Affinity Chromatography
  • Protein of interest is bound be creating a column with high affinity for that protein.
    • Accomplished by coating beads with a receptor that binds to the protein or a specific antibody to the protein.
  • Protein can be eluted by washing the column with a free receptor
    • Or Eluents can be created to alter the pH or salinity levels that disrupts the bonds between the ligand and the protein of interest
      • Recovered substance can be bound to the eluent, which can be difficult to remove.

Gas Chromatography
  • GC is also known as vapor-phase chromatography (VPC). Main difference between it and other methods is that the eluent is a gas. Instead of a liquid.
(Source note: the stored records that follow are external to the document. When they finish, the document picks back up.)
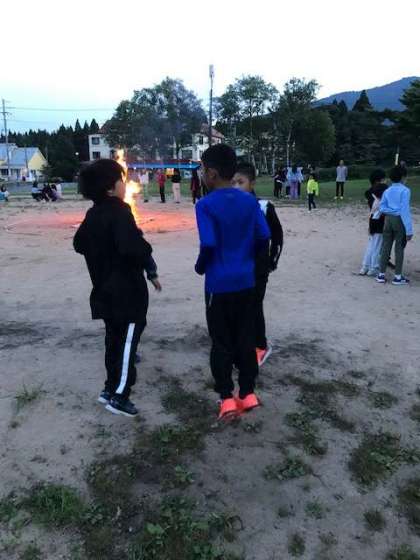 もう暗くなってきましたので、キャンプファイアーの様子を写真で送るのは最後です。
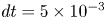 $dt=5\times 10^{-3}$. Each simulation is started from an
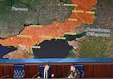 Расширенное заседание коллегии Министерства обороны России в Национальном центре управления обороной. Президент России Владимир Путин (слева) и начальник Генерального штаба Вооруженных сил России — первый заместитель министра обороны России Валерий Герасимов (справа) во время заседания.
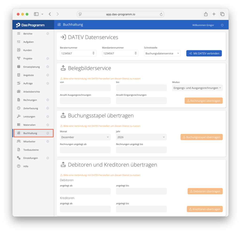 DATEV Schnittstelle im Programm
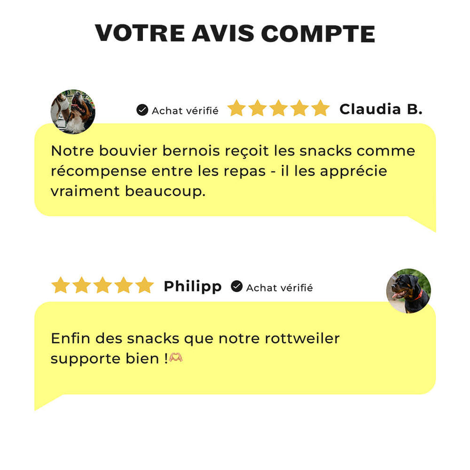 “Molosser wie Rottweiler oder Berner Sennenhunde brauchen nicht nur viel Energie, sondern auch hochwertiges Protein. Diese Snacks sind mit 88,5% frischem Rindfleisch perfekt geeignet, um sie zwischendurch zu belohnen – ohne Kompromisse bei einer hochwertigen Ernährungsweise”
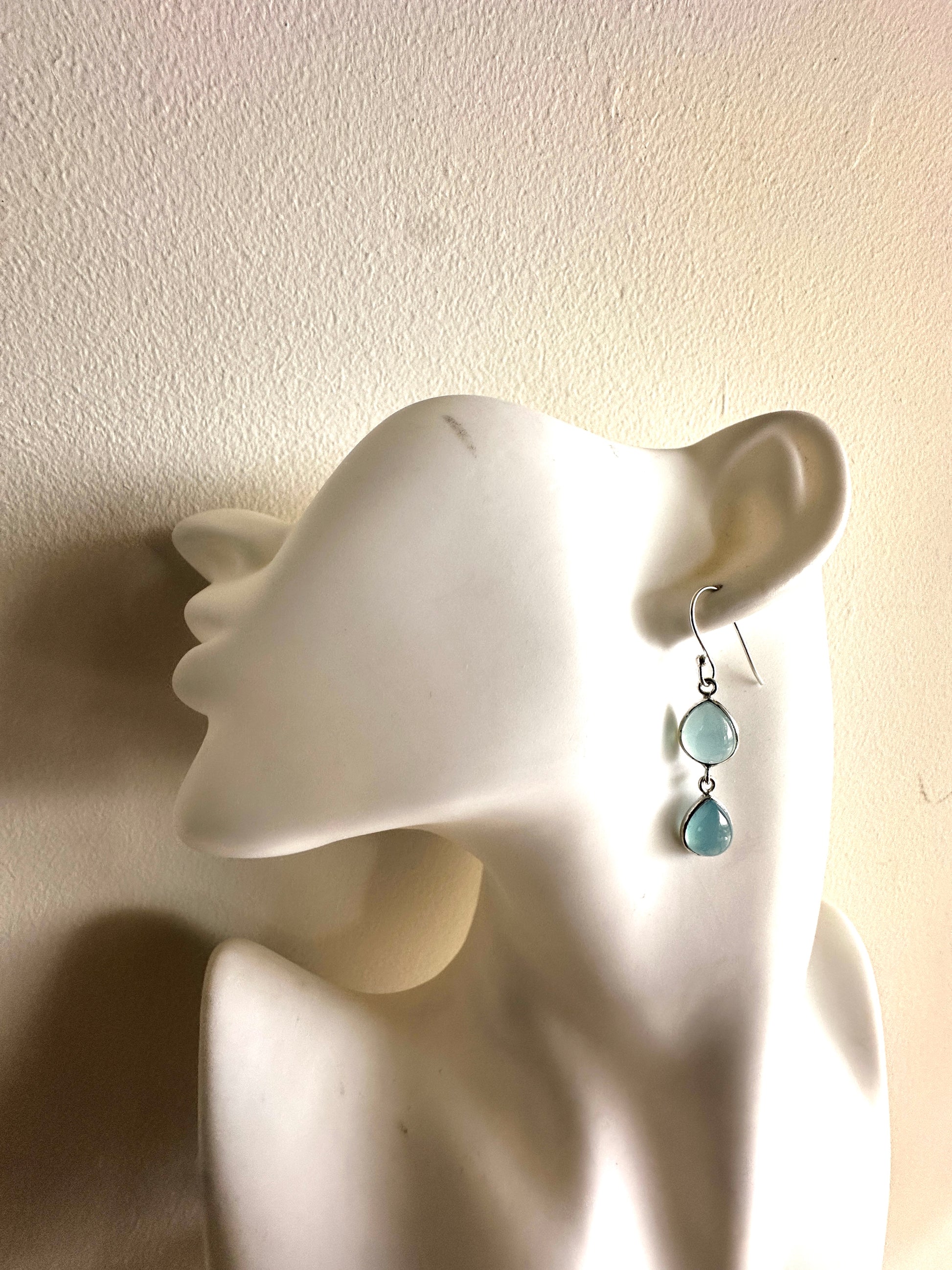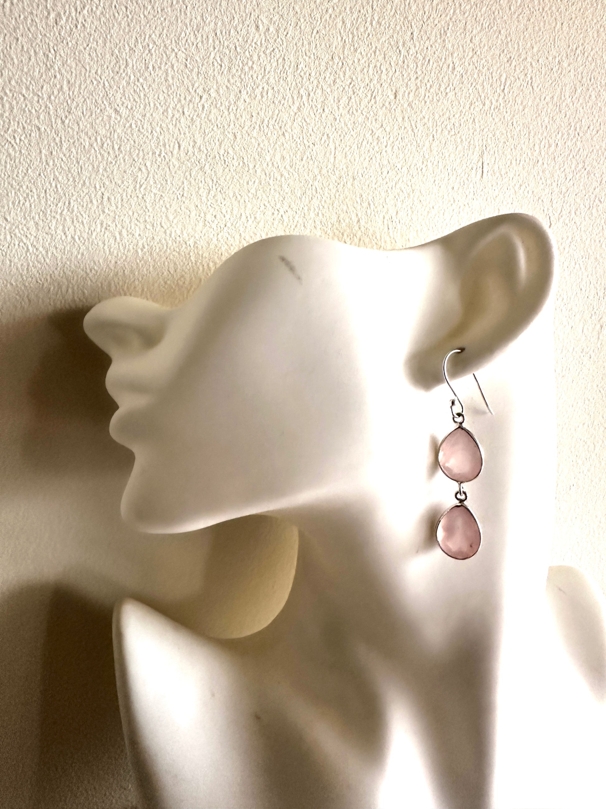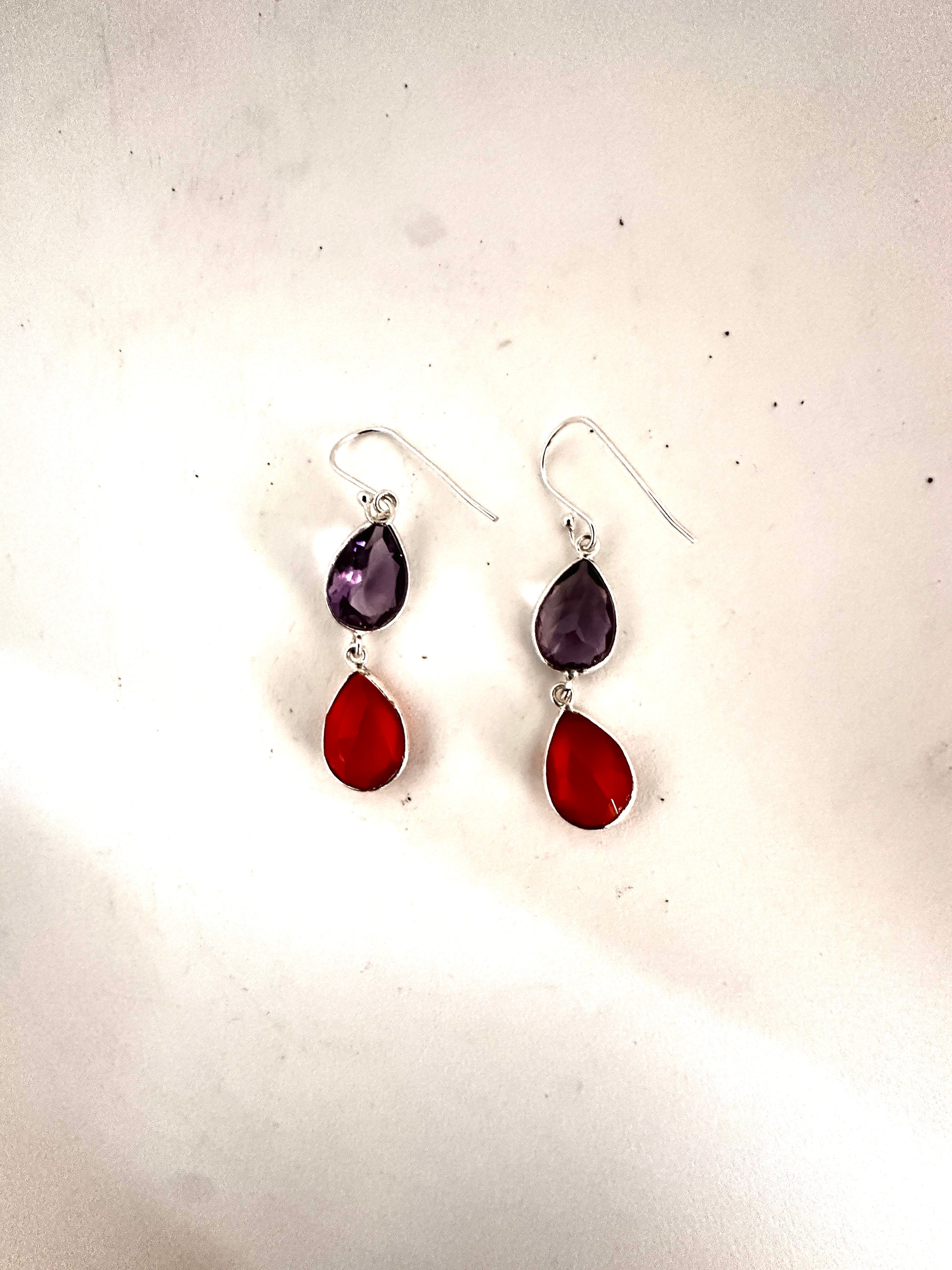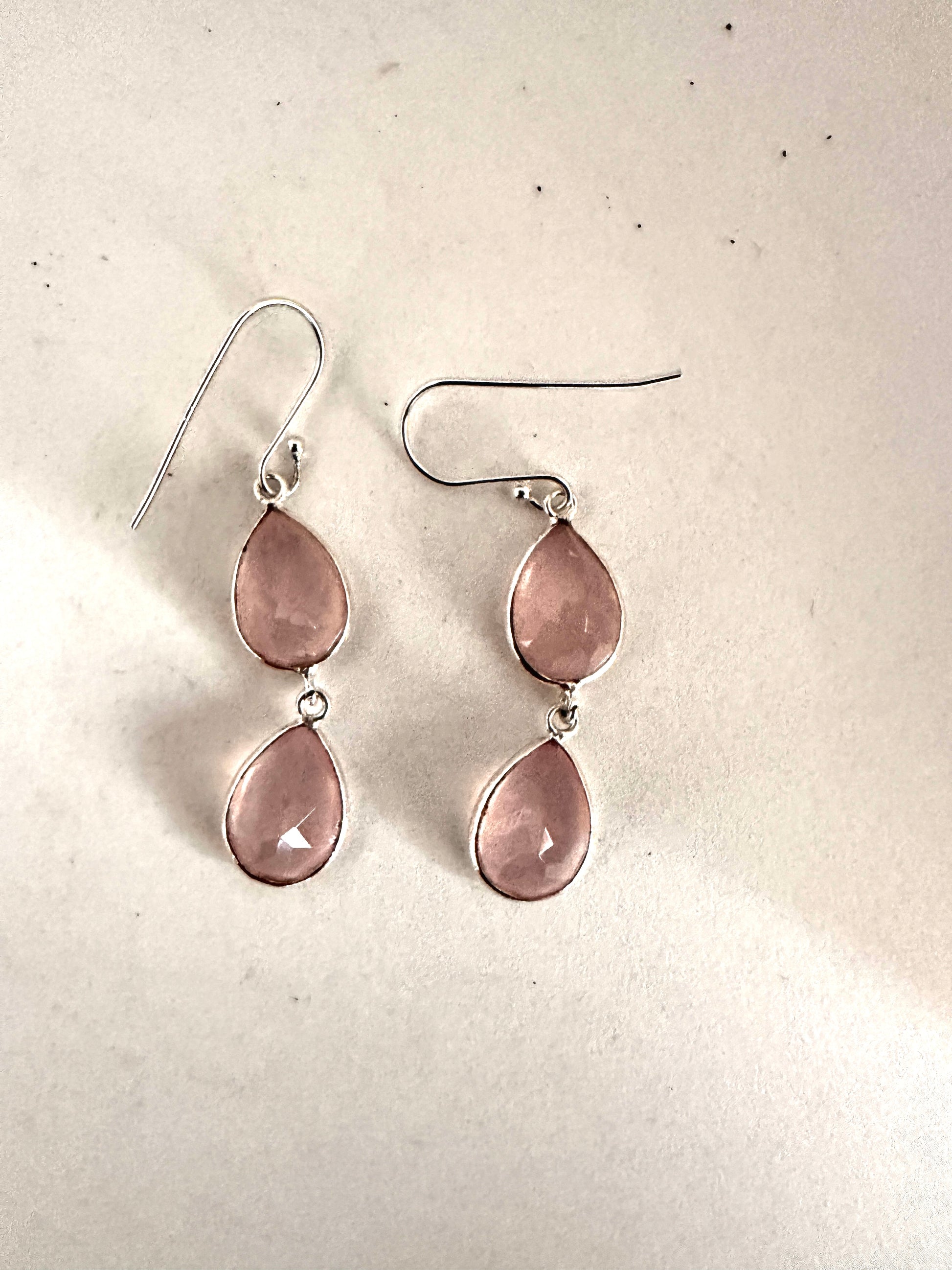 These earrings feature faceted tear-shaped stones expertly set in sterling silver, combining various stone arrangements for a refined look. Their delicate design and elegant craftsmanship make them an ideal accessory for formal occasions, adding subtle sophistication to any ensemble.
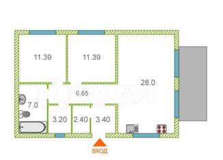 Общая площадь: 55 м2
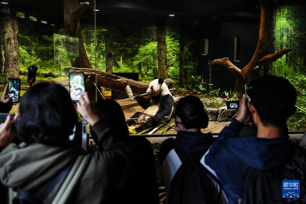2025年12月25日,在日本东京的上野动物园,游客拍摄大熊猫“晓晓”。
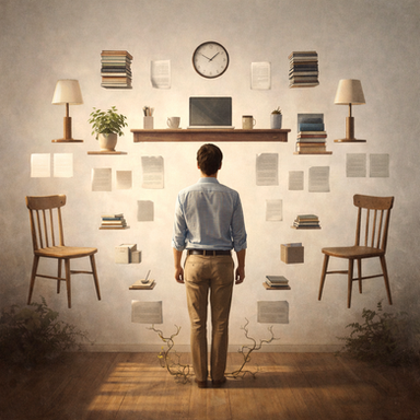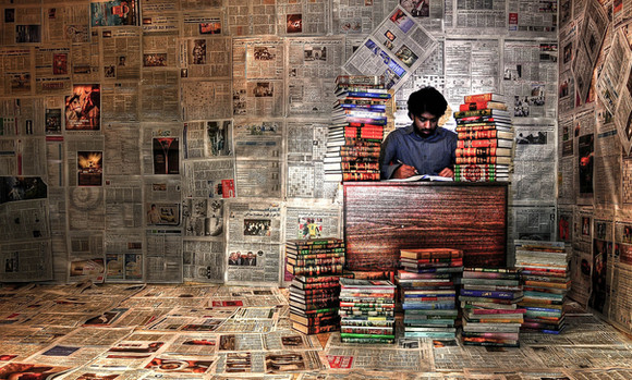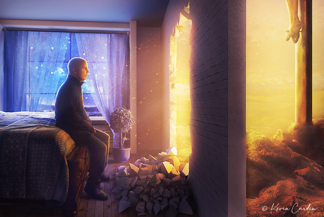 Whatever you do, work heartily, as for the Lord and not for men. (Colossians 3:23)I prepare a Sunday School lesson each week at my church, and many times it requires a whole lot of studying and research. So, I wanted to show an exaggerated version of what some of my work looks like. I took a picture of myself at my desk with papers, books, and an open Bible. Then I modeled a simple office scene in Cinema4D with stacks of books everywhere. Finally I blended the two images together in Photoshop. Start to finish was probably around 4 hours of work.
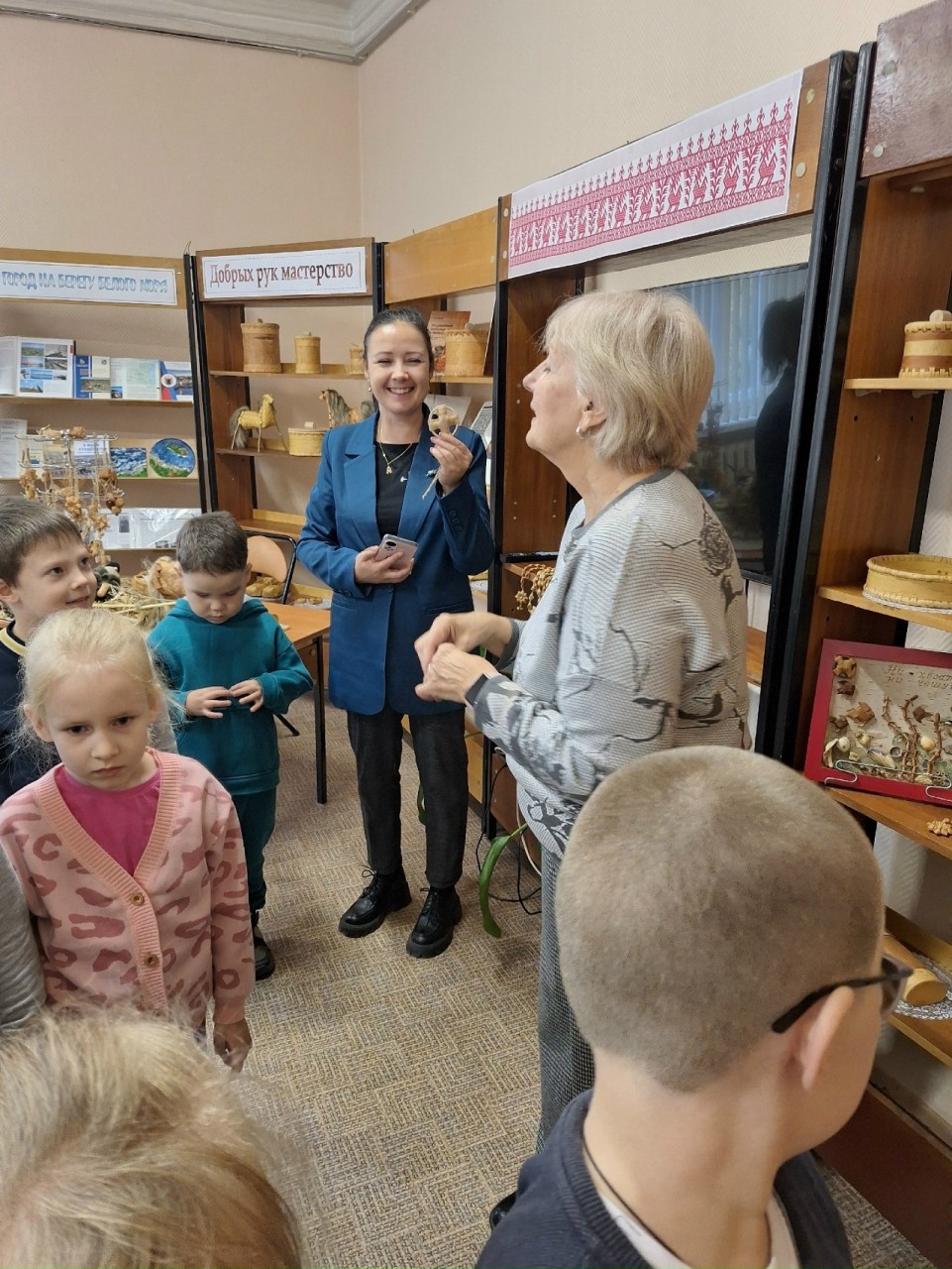 «7 октября группа «Вырастайки» (Минина, 6; воспитатели Богданова С.В., Юдина И.Б., учитель - логопед Емельянова О.В.) посетили выставку Г. Д. Иванковой – мастера по плетению из бересты в читальном зале библиотеке Кемского городского поселения. С Галиной Дмитриевной группа уже давно дружит, она пополнила музей в детском саду (Минина, 6), сделала кибас. Провела мастер-класс, научила делать ложки из бересты, а ещё участвовала на мероприятии и подарила гостям оберёг «Звезда Богородицы» для наших гостей.

    • Adsorbent is crushed metal or polymer which is coiled into a column and placed in an oven to control the temperature.
  • Gaseous compounds travel through the column at different rates since they adhere to the adsorbent in the column at different degrees.
  • Injected compounds must be volatile: low melting-point, sublimable solids or vaporizable liquids.
  • Common to separate molecules using GC and then inject the pure molecules into a mass spectrometer for molecular weight determination.
    • Mass spectrometry: the ionization and fragmentation of compounds which then runs the fragments through a magnetic field which separates the masses based on charge.
      • Relative concentration of the different fragments can be calculated and compared against reference values to identify the compounds.

High-Performance Liquid Chromatography
  • Liquid eluent travels through a column of defined composition.
  • Needed high pressure before but not anymore.
  • Small sample is injected into the column and separation occurs as it flows through. The compound then passes through a detector and is collected as the solvent flows.
  • Difference is that the process is computerized by the detector
    • Allows for sophisticated solvent/temperature gradients can be applied to the column to help resolve the various compounds in the sample.